EXERCISE:
Produce as output only the lines below starting at the line with "à me contacter." and continuing through the line with "报告人 任长宇 教授(吉林大学) 报告时间 2025年10月22日上午9点", each one exactly as written.

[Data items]
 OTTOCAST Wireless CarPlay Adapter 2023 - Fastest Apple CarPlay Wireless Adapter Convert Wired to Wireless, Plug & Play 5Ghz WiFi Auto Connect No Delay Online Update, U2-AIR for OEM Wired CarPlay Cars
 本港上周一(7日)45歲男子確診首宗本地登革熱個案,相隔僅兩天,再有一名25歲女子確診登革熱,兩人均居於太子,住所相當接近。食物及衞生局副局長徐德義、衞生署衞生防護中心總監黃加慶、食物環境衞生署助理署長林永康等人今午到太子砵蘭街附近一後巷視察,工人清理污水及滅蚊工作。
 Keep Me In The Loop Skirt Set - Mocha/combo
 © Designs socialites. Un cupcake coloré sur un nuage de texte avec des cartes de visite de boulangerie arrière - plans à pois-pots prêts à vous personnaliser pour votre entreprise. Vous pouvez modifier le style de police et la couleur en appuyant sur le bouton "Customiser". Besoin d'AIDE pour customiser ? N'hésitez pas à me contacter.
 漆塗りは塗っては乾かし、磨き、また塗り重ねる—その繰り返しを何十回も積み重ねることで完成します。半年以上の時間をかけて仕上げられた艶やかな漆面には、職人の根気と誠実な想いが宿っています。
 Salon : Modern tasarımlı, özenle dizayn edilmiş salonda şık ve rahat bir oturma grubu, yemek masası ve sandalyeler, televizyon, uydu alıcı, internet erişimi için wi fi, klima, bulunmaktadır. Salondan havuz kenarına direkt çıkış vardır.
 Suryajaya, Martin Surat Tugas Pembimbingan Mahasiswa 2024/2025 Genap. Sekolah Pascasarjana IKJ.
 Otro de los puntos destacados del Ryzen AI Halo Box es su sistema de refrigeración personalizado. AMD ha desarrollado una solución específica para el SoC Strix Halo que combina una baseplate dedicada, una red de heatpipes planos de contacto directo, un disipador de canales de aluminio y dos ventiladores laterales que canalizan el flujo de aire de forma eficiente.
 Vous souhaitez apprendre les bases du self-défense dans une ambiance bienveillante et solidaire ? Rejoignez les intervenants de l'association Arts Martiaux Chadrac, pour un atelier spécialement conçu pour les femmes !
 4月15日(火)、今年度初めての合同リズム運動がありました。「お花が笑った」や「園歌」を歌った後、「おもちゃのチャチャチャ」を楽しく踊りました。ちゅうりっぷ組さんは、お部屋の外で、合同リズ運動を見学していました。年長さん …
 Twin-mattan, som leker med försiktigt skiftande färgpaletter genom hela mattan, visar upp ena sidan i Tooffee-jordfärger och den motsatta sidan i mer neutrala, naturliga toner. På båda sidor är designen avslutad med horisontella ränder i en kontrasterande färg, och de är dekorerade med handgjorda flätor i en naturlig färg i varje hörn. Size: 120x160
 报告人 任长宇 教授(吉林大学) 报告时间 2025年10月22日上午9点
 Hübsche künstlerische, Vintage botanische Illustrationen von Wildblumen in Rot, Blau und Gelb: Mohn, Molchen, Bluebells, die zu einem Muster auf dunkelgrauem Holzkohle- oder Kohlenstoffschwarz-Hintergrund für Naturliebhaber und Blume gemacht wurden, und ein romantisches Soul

RESPONSE TO THIS EXERCISE:
 © Designs socialites. Un cupcake coloré sur un nuage de texte avec des cartes de visite de boulangerie arrière - plans à pois-pots prêts à vous personnaliser pour votre entreprise. Vous pouvez modifier le style de police et la couleur en appuyant sur le bouton "Customiser". Besoin d'AIDE pour customiser ? N'hésitez pas à me contacter.
 漆塗りは塗っては乾かし、磨き、また塗り重ねる—その繰り返しを何十回も積み重ねることで完成します。半年以上の時間をかけて仕上げられた艶やかな漆面には、職人の根気と誠実な想いが宿っています。
 Salon : Modern tasarımlı, özenle dizayn edilmiş salonda şık ve rahat bir oturma grubu, yemek masası ve sandalyeler, televizyon, uydu alıcı, internet erişimi için wi fi, klima, bulunmaktadır. Salondan havuz kenarına direkt çıkış vardır.
 Suryajaya, Martin Surat Tugas Pembimbingan Mahasiswa 2024/2025 Genap. Sekolah Pascasarjana IKJ.
 Otro de los puntos destacados del Ryzen AI Halo Box es su sistema de refrigeración personalizado. AMD ha desarrollado una solución específica para el SoC Strix Halo que combina una baseplate dedicada, una red de heatpipes planos de contacto directo, un disipador de canales de aluminio y dos ventiladores laterales que canalizan el flujo de aire de forma eficiente.
 Vous souhaitez apprendre les bases du self-défense dans une ambiance bienveillante et solidaire ? Rejoignez les intervenants de l'association Arts Martiaux Chadrac, pour un atelier spécialement conçu pour les femmes !
 4月15日(火)、今年度初めての合同リズム運動がありました。「お花が笑った」や「園歌」を歌った後、「おもちゃのチャチャチャ」を楽しく踊りました。ちゅうりっぷ組さんは、お部屋の外で、合同リズ運動を見学していました。年長さん …
 Twin-mattan, som leker med försiktigt skiftande färgpaletter genom hela mattan, visar upp ena sidan i Tooffee-jordfärger och den motsatta sidan i mer neutrala, naturliga toner. På båda sidor är designen avslutad med horisontella ränder i en kontrasterande färg, och de är dekorerade med handgjorda flätor i en naturlig färg i varje hörn. Size: 120x160
 报告人 任长宇 教授(吉林大学) 报告时间 2025年10月22日上午9点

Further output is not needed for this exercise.